Tradition at the University of California Berkeley

The Oski Yell is the University of California Berkeley spirit yell from which the school’s mascot, Oski the Bear, derives his name. Although Oski appeared in 1941, the yell was first performed around the turn of the 20th century. The yell's origins are uncertain, although the University of Illinois originated a similar yell in 1899 (with a different last line). Another early version is credited to Vince Wirtz, who led a similar cheer beginning in the 1920s at football games for Hamilton, Ontario teams.

==Lyrics==
Berkeley's lyrics are:

 Oski Wow-Wow!
 Whiskey Wee-Wee!
 Olee! Muckie-eye!
 Olee! Berkeley-eye!
 California! Wow!

The Oski Yell is currently rarely heard in the stands, its function overtaken by spirit songs such as "Big C," "Fight for California," and "Sons of California." It can still be heard thundering from the Greek Theatre on Friday nights before the Big Game at the annual Big Game Rally.

==Oskee Wee Wee==
The Hamilton Tiger-Cats of the Canadian Football League have a version of the Oski Yell, originally created by Vince Wirtz in the early 1920s.
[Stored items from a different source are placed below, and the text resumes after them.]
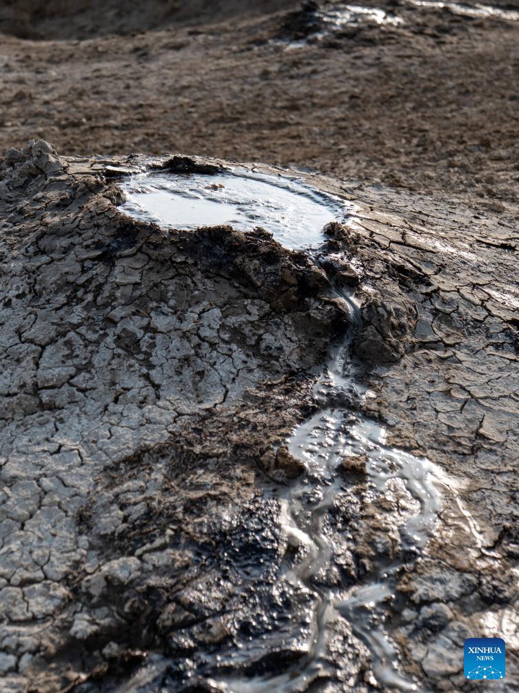 Mud volcanoes are geothermal phenomena created by geo-excreted liquids and gases. Most of the gas released from mud volcanoes is methane while the ejected material is often a slurry of fine solids suspended in liquids that may include water and hydrocarbon fluids. (Xinhua/Chen Junfeng)
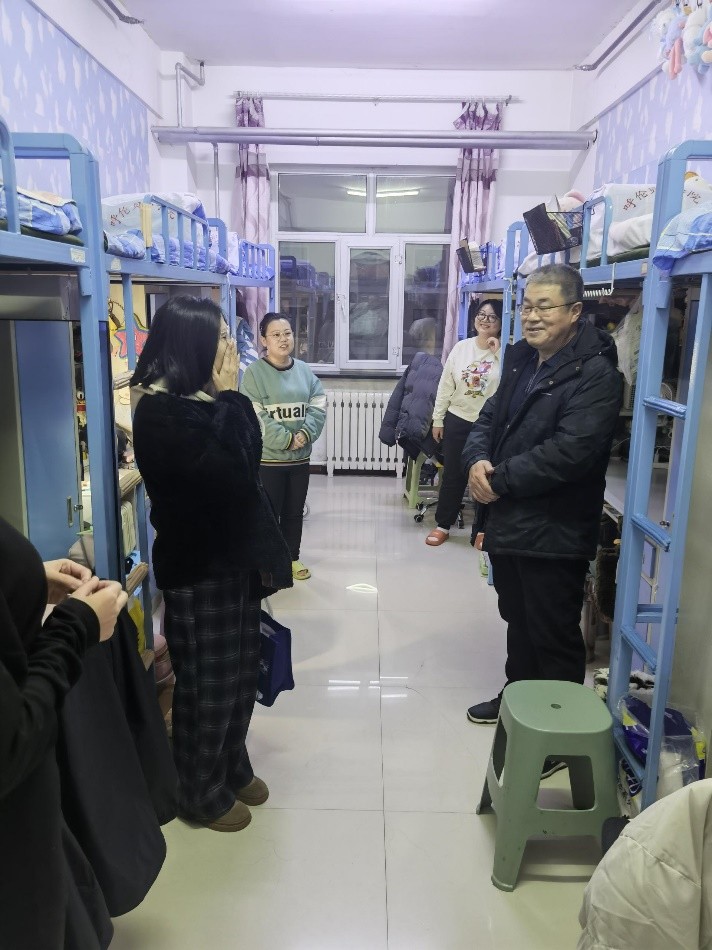 为落实立德树人根本任务,推动全员全过程全方位育人工作,落实领导干部联系班级制度,11月26日下午,后勤管理处党总支书记倪俭走访beats365官网入口2022级俄语一班员工宿舍,在团学办主任王晨雪陪同下,深入“一站式”服务中心,实地了解员工学习、生活及宿舍安全情况。
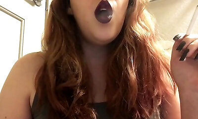 Mind-blowing Chubby Goth Teenage Smoking Red Cork Tip 100 Cigarette in Purple Lipstick
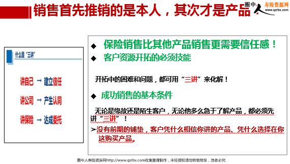 借政策之势,借公司之力 7步练就客户不能拒绝的销售逻辑 从文件中寻找趋势! 《中国保监会关于规范人身保险公司产品开发设计行为的通知》 一、保险公司开发设计保险产品时应当遵循并坚持以下原则: (一)以消费者的需求为中心,发展有利于保障和改进民生的人身保险产品; (二)以我国国情和行业发展为实际考量,发展符合自身规律,符合国家发展战略导向的人身保险 产品; (三)以保险基本原理为根本,借鉴国际经验,发展保障功能突出,符合损失分担、风险同质和大数法则的人身保险产品。 解读1:坚持行业根本价值理念,“保险姓保” 保险风险管理的本质 突出定期寿险、终身寿险等财富管理和保障功能突出年金险的养老现金流规划 风险管理是家家户户都需要的,这也是支持我国保险业持续快速发展的根本。 保险产品的设计要以消费者需求为中心,关注客户的风险保障需求,而不是以产品为中心。 衍生到销售端,也应当以客户需求为核心,基于每 个个体不同的家庭结构和财务状况,评估存在的风险点和风险损失额度的大小,确定险种和保额保费预算后,才匹配产品。这样的销售模式,大大有利于客户。 解读2:保险产品设计应当以消费者的需求为中心 建立健康险销售逻辑图 销售首先推销的是本人,其次才是产品! 保险销售比其他产品销售更需要信任感! 客户资源开拓的必须技能 开拓中的困难和问题,都可用“三讲”来化解! 成功销售的基本条件
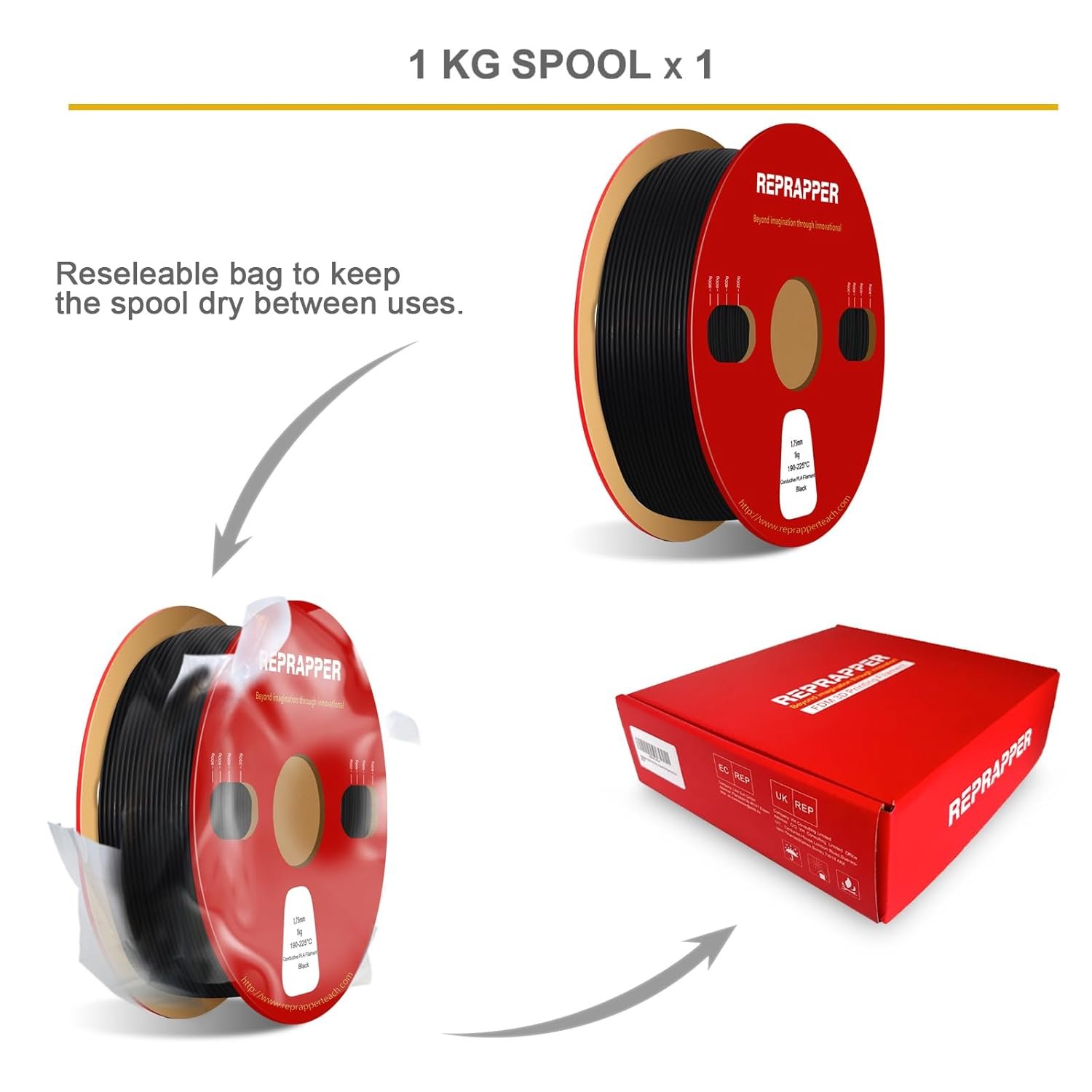 Reprapper Conductive TPU Filament 1.75mm (± 0.03mm) 2.2lb (1kg) for 3D Printer, Electro-Conductive Flexible Filament, Black
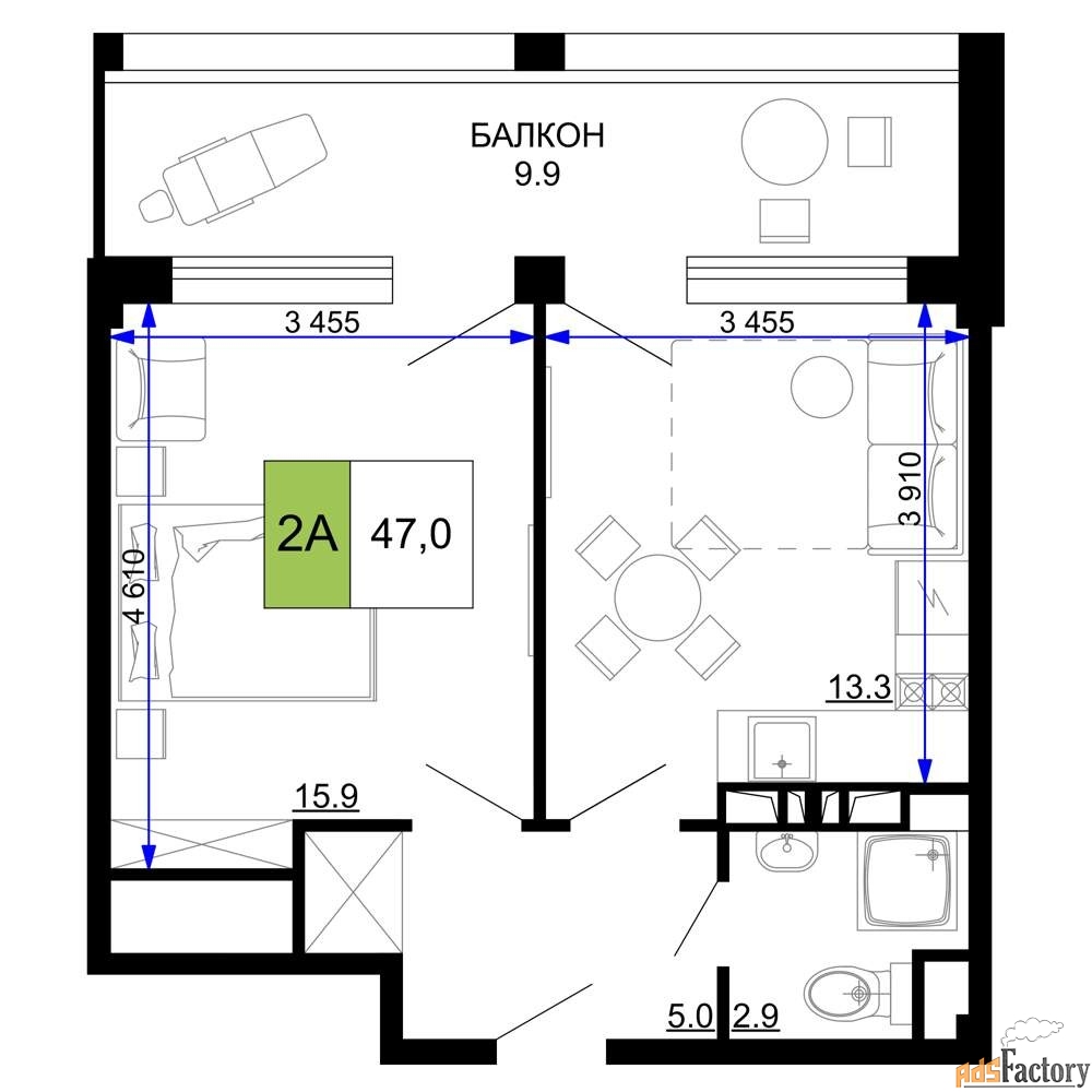 Жилая площадь 15.9 м2, кухня 13.3 м2, чистовая отделка с мебелью.
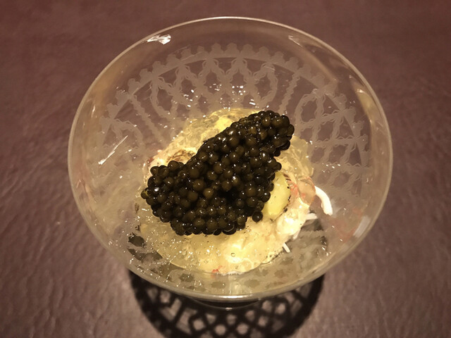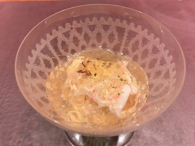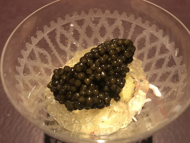 トマトガスパチョ。毛蟹とキャビア添えに香川県産ホワイトアスパラ
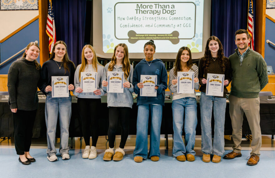 The Bethpage High School varsity girls cross-country team was recognized for its achievements this season, which include winning both county and conference championships and placing sixth in the state competition. Photos courtesy of Bethpage Union Free School District Pictured: CCS’s students pose for a photo with Oakley following their presentation. The Bethpage Board of
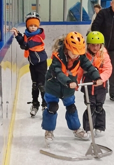 Mit dem Zug ging es am Tag darauf nach Dresden. Das Ziel war die Eislaufhalle der JoyNext Arena. Alle Kinder wagten sich auf das Eis und drehten ihre Runden. Für diejenigen, die das Schlittschuhlaufen noch nicht so gut beherrschten, standen Eislaufhilfen zur Verfügung. Ein Highlight für uns Erzieher war es, zu sehen wie sich die Kinder gegenseitig unterstützten und anleiteten.
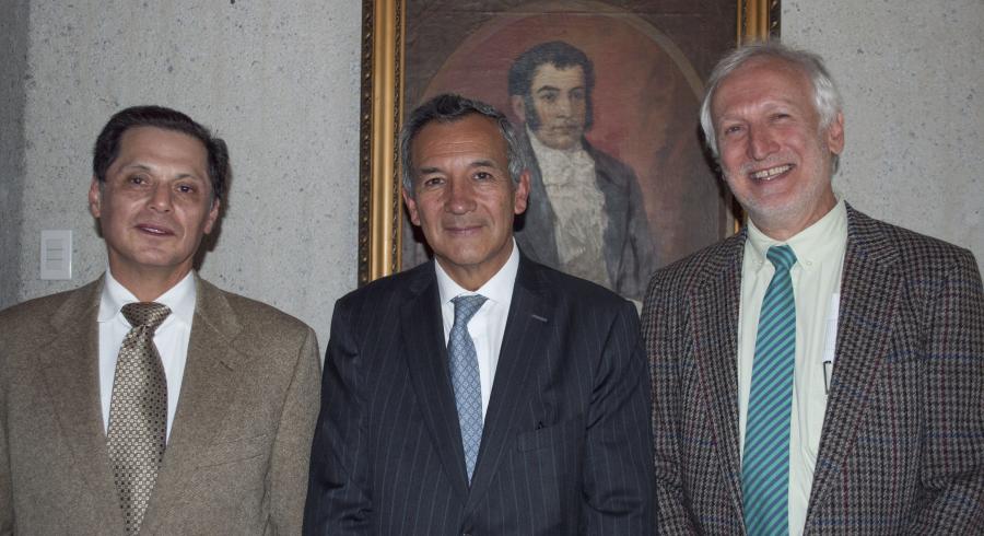 (De izquierda a derecha: Dr Diógenes Campos - Primer Decano de la Facultad de Ciencias Naturales e Ingeniería, Dr Daniel Bogoya - Decano saliente y Dr Isaac Dyner Rezonzew - Decano entrante)
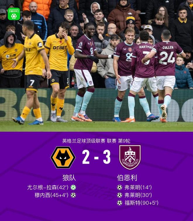 北京时间10月26日英格兰足球顶级联赛 联赛 第9轮,狼队主场对阵伯恩利。狼队尤尔根-拉森破门,穆内西破门。伯恩利弗莱明梅开二度,福斯特破门。最终比分狼队 2-3 伯恩利。
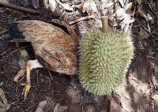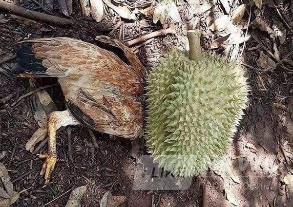 Лім Шен Чи опублікував фотографію крихітного зеленого шолома, пояснивши, що багато хто з курчат на фермі його діда недавно були вбиті дуріанами, які впали з дерев.
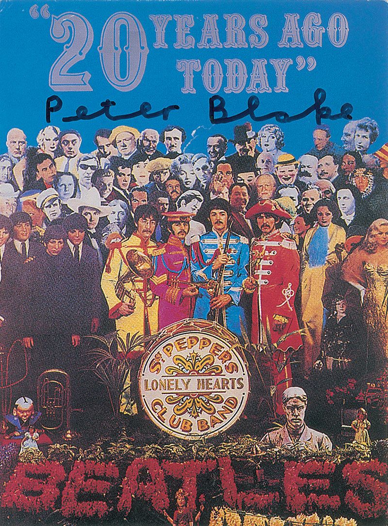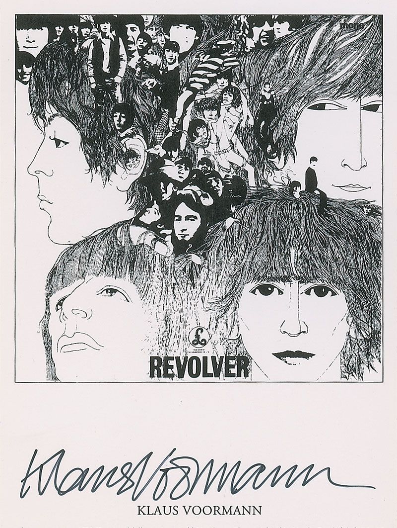 Color 4.5 x 6 postcard featuring the Sgt. Pepper’s album cover, signed in black felt tip by Peter Blake; and a 4 x 5 cardstock photo of the Revolver album cover, signed in black felt tip by Klaus Voormann. In overall fine condition, with lower edge of the Revolver photo apparently trimmed.
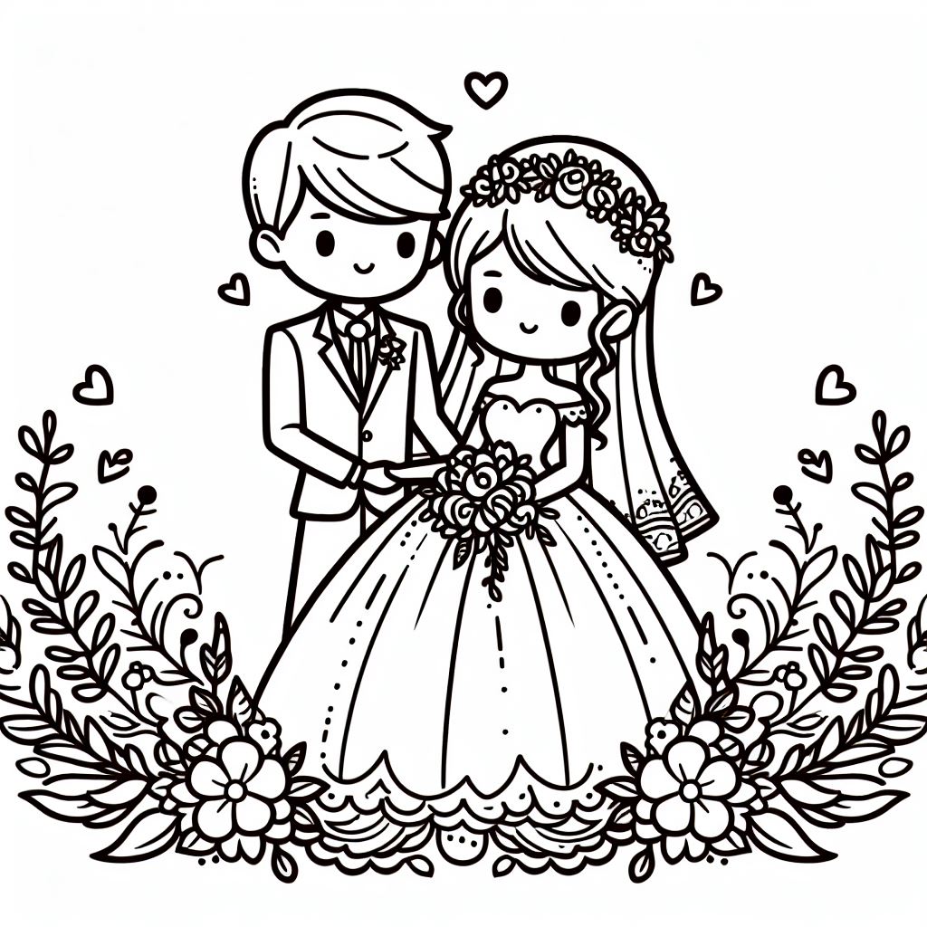 ציור של חתן וכלה לצביעה, איור של חתן וכלה להדפסה לצביעה לילדים
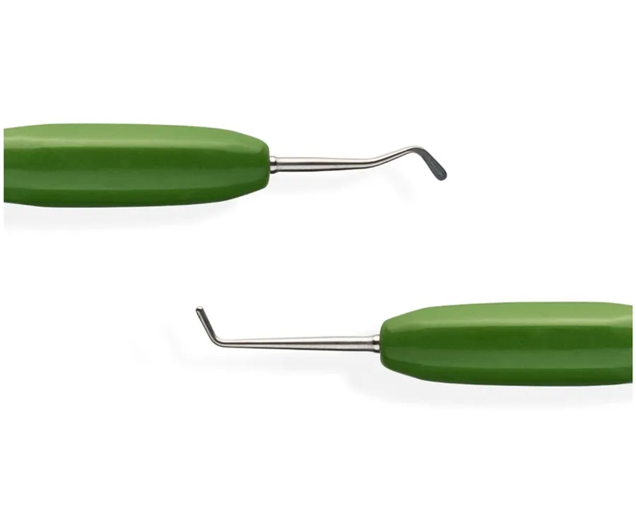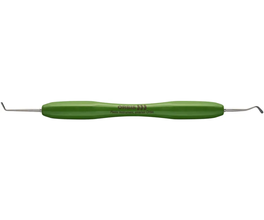 Oboustranný restorativní ruční nástroj s barevně odlišenou, ergonomicky tvarovanou
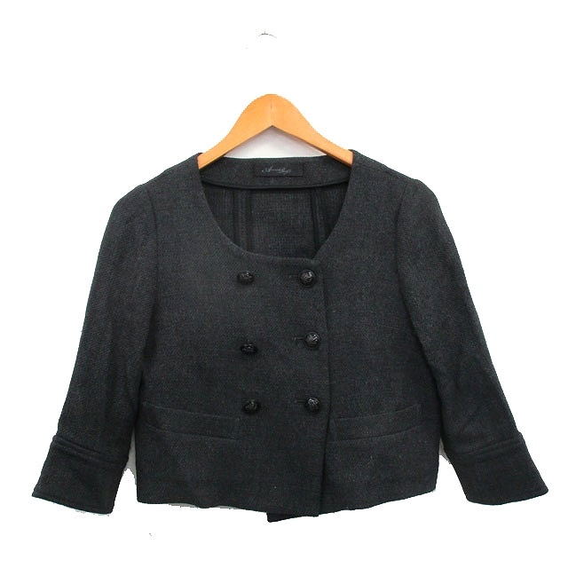 アメリカンラグシー AMERICAN RAG CIE ノーカラージャケット 七分袖 ウール シンプル F チャコールグレー /KT15 レディース

Wirtz developed the choreography for the cheer which was performed by "Pigskin Pete". The yell is still in use in a modified form called "Oskee Wee Wee" by the current Pigskin Pete at Tiger-Cats games:

 Oskee Wee Wee
 Oskee Waa Waa
 Holy Mackinaw
 Tigers ... Eat 'em RAW!!

Wirtz's original version of the cheer is the following:

 Oskee Wee Wee
 Whiskey Wa Wa
 Holy Mackinaw
 Tigers ... Eat'em RAW!!

In 1968, the cheer was the subject of a National Film Board of Canada documentary Oskee Wee Wee.

==Bossy Cow-Cow==
A parody of the Berkeley cheer, called the Bossy Cow-Cow, exists at UC Davis (which was originally established as a farm for the use of Berkeley's College of Agriculture). This variation of the cheer made its debut during UCD's 1926 football game against the College of the Pacific.

 Bossy Cow-Cow!
 Honey Bee-Bee!
 Oleo! Margarine!
 Oleo! Butterine!
 Alfalfa! Hay!

Once hailed by Sports Illustrated as the "most obtuse cheer" in college football, the Bossy Cow-Cow is still used today by the UC Davis Marching Band during their football pregame field shows.